WHAT IS EXPECTED: Among the entries below, please repeat exactly and only the lines from the line containing "クリア ぷっくり スター" to the line containing "On our 10-acre", both lines included.
##### INPUT DATA
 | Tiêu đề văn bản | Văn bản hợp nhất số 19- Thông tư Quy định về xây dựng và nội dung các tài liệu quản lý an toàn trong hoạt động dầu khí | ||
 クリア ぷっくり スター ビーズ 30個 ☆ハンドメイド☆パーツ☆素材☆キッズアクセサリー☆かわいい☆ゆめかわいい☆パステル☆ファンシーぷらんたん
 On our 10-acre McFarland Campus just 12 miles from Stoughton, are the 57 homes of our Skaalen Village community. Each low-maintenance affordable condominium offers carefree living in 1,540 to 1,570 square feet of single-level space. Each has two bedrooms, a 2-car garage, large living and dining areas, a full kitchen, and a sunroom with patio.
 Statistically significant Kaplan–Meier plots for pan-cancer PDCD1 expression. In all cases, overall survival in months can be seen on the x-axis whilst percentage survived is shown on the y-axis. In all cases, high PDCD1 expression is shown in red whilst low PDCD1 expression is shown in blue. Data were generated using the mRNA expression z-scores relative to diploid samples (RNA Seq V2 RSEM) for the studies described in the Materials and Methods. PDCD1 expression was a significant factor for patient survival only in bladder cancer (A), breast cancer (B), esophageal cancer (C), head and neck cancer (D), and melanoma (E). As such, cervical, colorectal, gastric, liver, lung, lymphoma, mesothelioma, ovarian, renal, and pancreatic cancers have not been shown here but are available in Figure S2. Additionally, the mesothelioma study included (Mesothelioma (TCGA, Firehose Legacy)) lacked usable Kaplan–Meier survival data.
##########
##### INPUT DATA
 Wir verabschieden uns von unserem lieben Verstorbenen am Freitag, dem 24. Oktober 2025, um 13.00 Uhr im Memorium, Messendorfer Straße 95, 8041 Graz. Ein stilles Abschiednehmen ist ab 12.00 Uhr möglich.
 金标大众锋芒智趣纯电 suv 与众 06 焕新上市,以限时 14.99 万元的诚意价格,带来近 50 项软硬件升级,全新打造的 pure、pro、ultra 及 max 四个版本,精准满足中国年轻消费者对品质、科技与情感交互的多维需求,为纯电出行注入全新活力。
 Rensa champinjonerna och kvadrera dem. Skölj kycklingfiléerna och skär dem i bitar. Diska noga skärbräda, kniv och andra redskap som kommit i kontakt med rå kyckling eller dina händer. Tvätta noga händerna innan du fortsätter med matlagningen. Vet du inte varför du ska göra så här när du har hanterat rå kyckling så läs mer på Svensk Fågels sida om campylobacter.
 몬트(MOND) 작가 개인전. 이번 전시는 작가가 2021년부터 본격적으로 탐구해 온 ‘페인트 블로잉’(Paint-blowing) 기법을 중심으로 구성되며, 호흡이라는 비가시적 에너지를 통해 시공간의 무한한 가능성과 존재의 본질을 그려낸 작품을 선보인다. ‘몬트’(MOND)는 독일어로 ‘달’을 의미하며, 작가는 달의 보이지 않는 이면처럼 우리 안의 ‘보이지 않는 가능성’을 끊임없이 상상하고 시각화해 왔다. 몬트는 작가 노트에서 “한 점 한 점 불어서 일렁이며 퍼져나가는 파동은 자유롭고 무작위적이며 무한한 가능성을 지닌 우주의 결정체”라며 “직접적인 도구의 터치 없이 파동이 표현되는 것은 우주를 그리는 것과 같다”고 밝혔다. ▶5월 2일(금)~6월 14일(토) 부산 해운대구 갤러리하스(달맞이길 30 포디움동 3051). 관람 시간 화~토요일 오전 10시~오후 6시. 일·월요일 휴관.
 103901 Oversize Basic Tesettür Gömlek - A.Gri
##########
RESULT FOR THIS EXERCISE:
 クリア ぷっくり スター ビーズ 30個 ☆ハンドメイド☆パーツ☆素材☆キッズアクセサリー☆かわいい☆ゆめかわいい☆パステル☆ファンシーぷらんたん
 On our 10-acre McFarland Campus just 12 miles from Stoughton, are the 57 homes of our Skaalen Village community. Each low-maintenance affordable condominium offers carefree living in 1,540 to 1,570 square feet of single-level space. Each has two bedrooms, a 2-car garage, large living and dining areas, a full kitchen, and a sunroom with patio.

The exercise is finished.